“An hour and then he’s out.” He clicked a pen and jotted something down on the chart.
She nodded obediently and hung the bag on the rack with the others. The doctor walked away without so much as looking Dennis in the eye. The nurse remained behind, checking on the machines and flattening down the tape on his arm that kept the IV in. He lifted as much of his hand as he could, which ended up being the tips of his fingers which grazed against her wrist. Startled, she looked over with a patient gaze.
“Do you need something?”
He throat produced only gravelly words. “What happened?”

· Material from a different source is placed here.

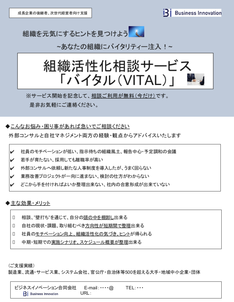 - 社員のモチベーションが低い、指示待ちの組織風土、報告中心・予定調和の会議

She looked over at the doctor who was busy in another part of the room. She fiddled with the wires on his chest as she spoke. “You were shot. Not badly, just your side, but they needed to take it out. You had a pretty bad concussion too but they didn’t do much about that. They’re taking you downstairs in a little bit.”
His head still pounded under the blindingly bright lights of the room. “Is it safe? Am I okay?”
She pursed her lips. “I don’t know. They think so. Be careful after they take you. Don’t move a lot, you’ve got some pretty major stitches.”
The doctor raised his hand to beckon his nurse over.
Before she left, she laid a hand on his arm. “You’re lucky. Stay lucky, okay?”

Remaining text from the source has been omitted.